Closed vs. open-weight models

The distinction between closed and open models is one of the most consequential in the current AI landscape:

  • Closed models (GPT-4, Claude 3, Gemini Ultra, Grok): weights not released. Accessible only through API or consumer product. Provider controls updates, safety measures, and pricing. Typically strongest at frontier capability. Users have no visibility into training data, architecture details, or weight values.

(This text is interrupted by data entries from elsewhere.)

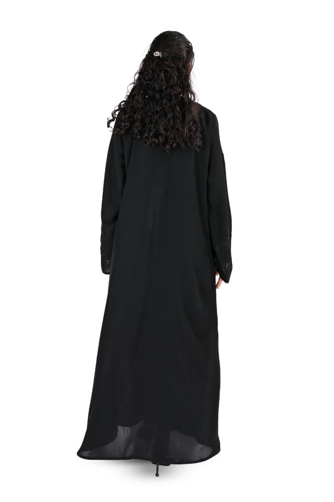 رقم المنتج : 6615الإضافات :تطريز اسود على الكم.نوع الكم : مربع.نوع القفلة : طقطق.نوع القماش : كريب.قصة العباية: استريت اللون : أسود.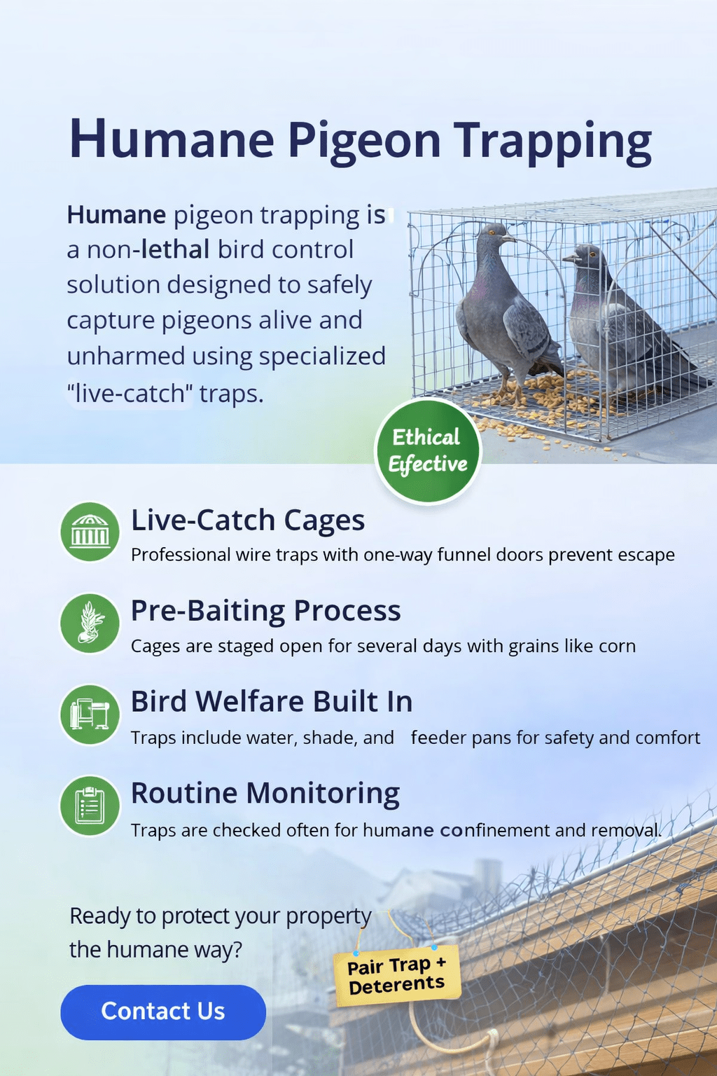 Humane pigeon trapping is a non-lethal bird control solution designed to safely capture pigeons alive and unharmed using specialized live-catch traps.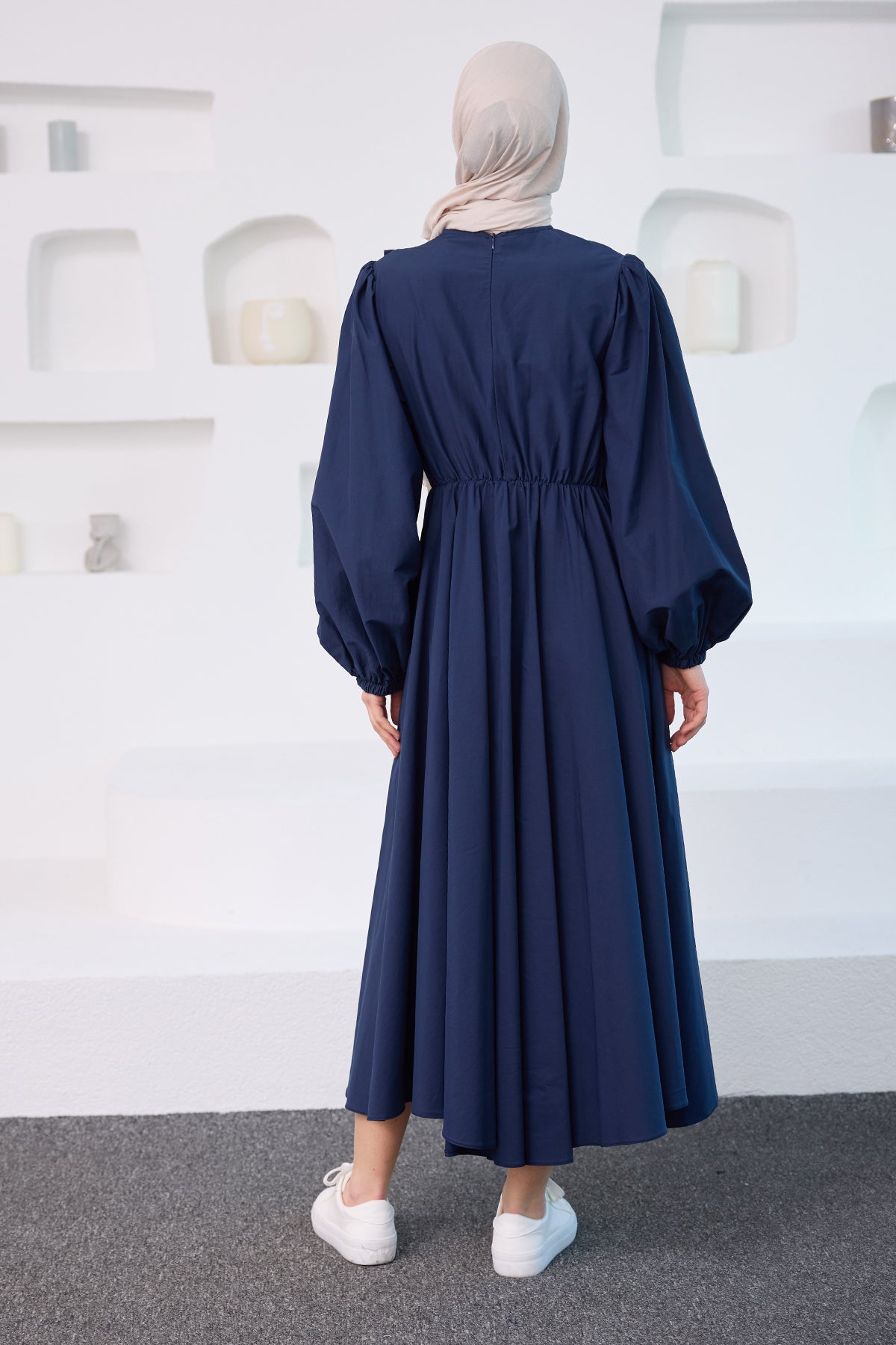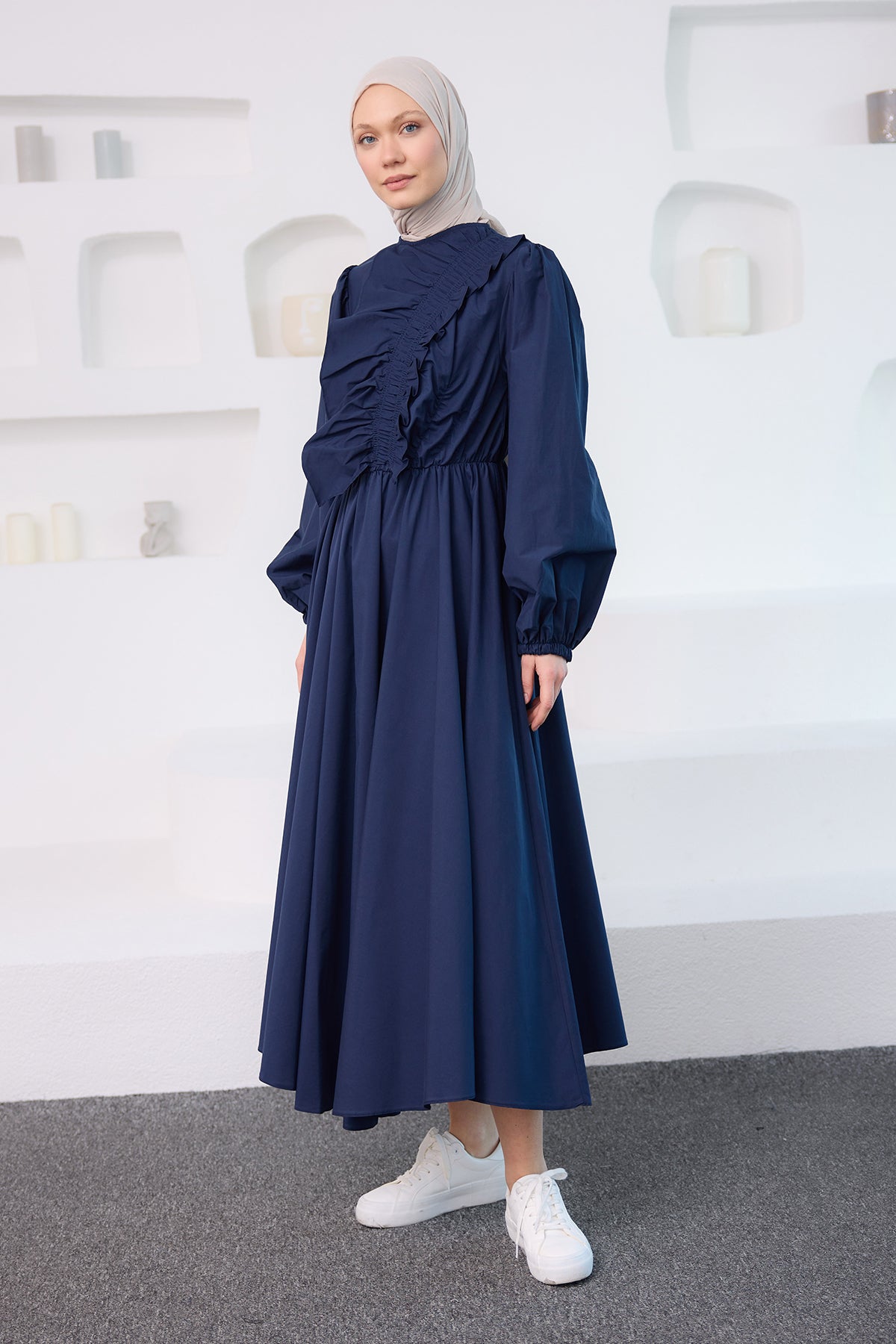 Asymmetric Ruched and Frilled Detail Dress Navy Blue

  • Open-weight models (Llama 3, Mistral, Qwen 2, Gemma, Falcon): weights published for download. Can be run locally, fine-tuned, modified, deployed without API dependency. Privacy-preserving (data never leaves your hardware). Typically somewhat behind closed models on overall capability benchmarks, though the gap has narrowed dramatically.

The policy debate: open weights enable research, auditability, customisation, and access for under-resourced communities. They also enable misuse — fine-tuning to remove safety guardrails is straightforward for someone with the technical capability. This tension is unresolved and shapes ongoing regulatory conversations.

How to choose a model: the key trade-off dimensions

  • Capability: benchmark performance (MMLU, MATH, HumanEval), human preference ratings (Chatbot Arena ELO score), performance on your specific task domain. No single model dominates on all dimensions.

  • Context window: critical for document-level tasks. If your use case involves long documents, call transcripts, or large codebases, context window size may be the binding constraint.

  • Cost: varies roughly 100× across the market. Frontier closed models: $10–60 per million output tokens. Mid-tier models: $1–5. Smaller open-weight models self-hosted: fractions of a cent. Cost drives architecture at scale.

  • Latency: smaller models are faster. For real-time applications (voice assistants, interactive tools), latency may matter more than benchmark performance.

  • Deployment options: API-only (closed models), self-hostable (open-weight), edge-deployable (quantised small models on consumer hardware). Data sensitivity, network availability, and compliance requirements drive this choice.

  • Safety and alignment: refusal behaviour, jailbreak resistance, factual accuracy, bias levels. Harder to measure than capability benchmarks. Varies substantially across models and across model families from the same provider.


Understanding vs. Stochastic Parrots — the Philosophical Debate

This section engages with a question that thoughtful users of LLMs inevitably arrive at: do these systems understand language, or are they doing something fundamentally different that merely resembles understanding?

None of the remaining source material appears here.